An advantage of the VB algorithm over the AT algorithm is that it postpones rational arithmetic to the computation of the sum (the A[j]'s in AT are rational numbers, the A[j]'s in VB are integers). Does this make a noticeable difference? Let us benchmark! I used the two procedures as given above; however, I replaced 'end:' by 'NULL; end:' to suppress the output. On my personal computer with Maple V Release 5 I got the following results (times in seconds):

 n AT VB 100 0.047 0.016 200 0.594 0.187 400 7.656 1.203 800 92.766 9.376

VB is up to ten times faster! This is fun. ;-)

## New sequences for the OEIS

Based on the above considerations I will submit the following sequences to the OEIS.

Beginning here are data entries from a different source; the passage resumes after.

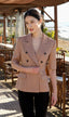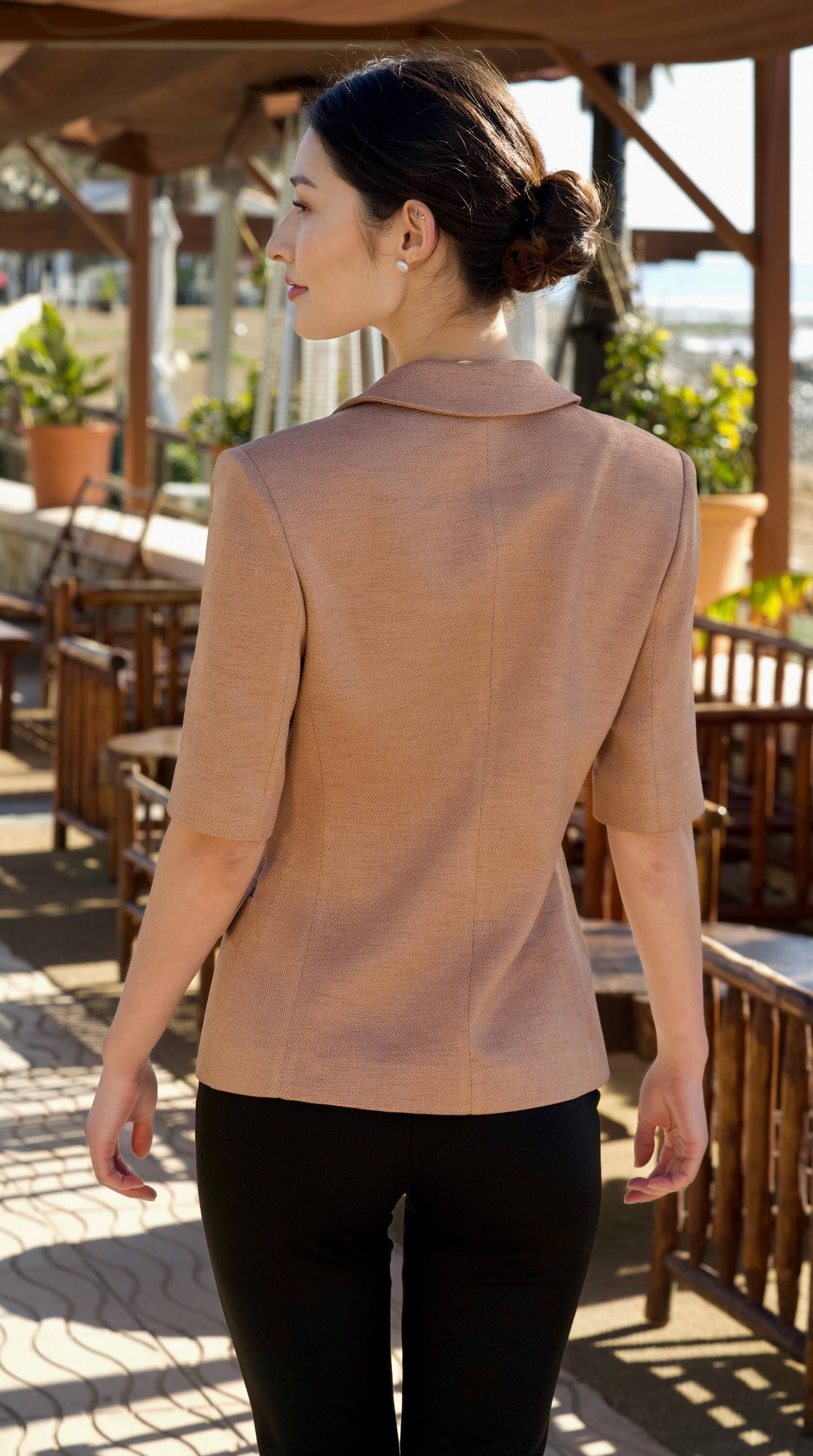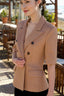 This jacket is created from luxurious Italian cotton tweed. The structured silhouette features a V-neck framed by a classic collar, a double-breasted design, quarter-length sleeves, and front pockets. The silhouette tapers at the waist and finishes with a hip-length cut.
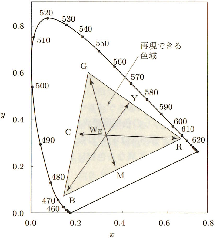 三原色を用いて加法混色する色再現デバイスの表現可能な色域は、原色の色度座標を頂点とする
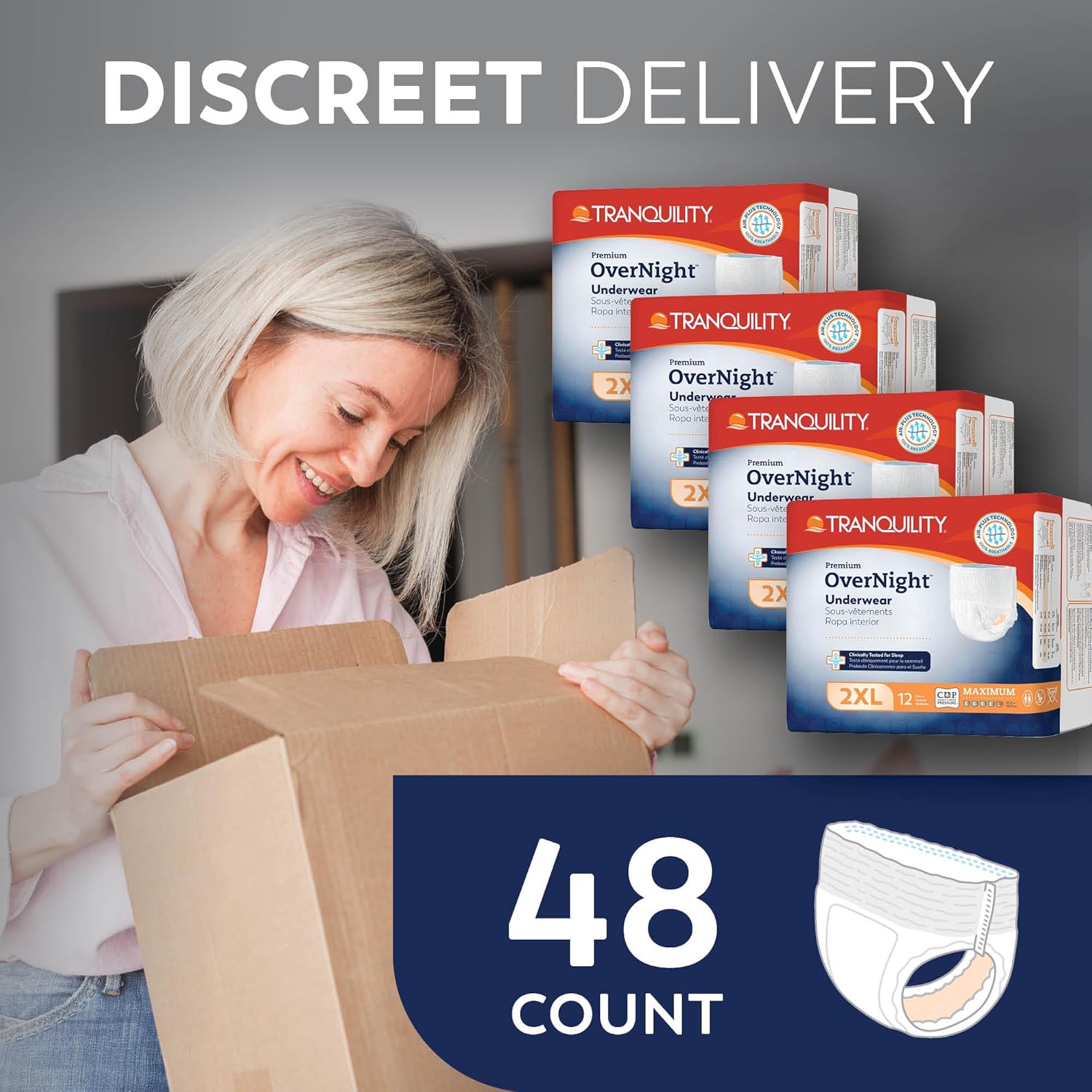 12 reviews for Tranquility Premium OverNight Disposable Absorbent Underwear (48 Count) – 2XL, 62-80 in. Waist – Maximum Absorbency, All-Night Sleep, Breathable Comfort, 48 Adult Diapers

                                  0,
0, 1,
0, 3, -3,
0, 7, -18, 11,
0, 15, -75, 110, -50,
0, 31, -270, 715, -750, 274,
0, 63, -903, 3850, -7000, 5754, -1764,
0, 127, -2898, 18711, -52500, 72884, -49392, 13068,


This triangle is (up to sign) Worpitzky(n,k)Harmonic(k) as well as Stirling1(k+1,2)Stirling2(n+1,k+1) for n ≥ 0 and k ≥ 0. The fact that the sum of the rows is 0,1,0,0,0,... was a crucial step in some part of the proof above. The triangle should be supplemented by the sequence 0,1,3,18,125,1020,9667,104790,.. which is the sum over the odd k's in a row. (Who comes up with a combinatorial interpretation?!) Note that the right hand side of the triangle is A000254 resp. A081048.
The sequences now are : A176276 and A176277.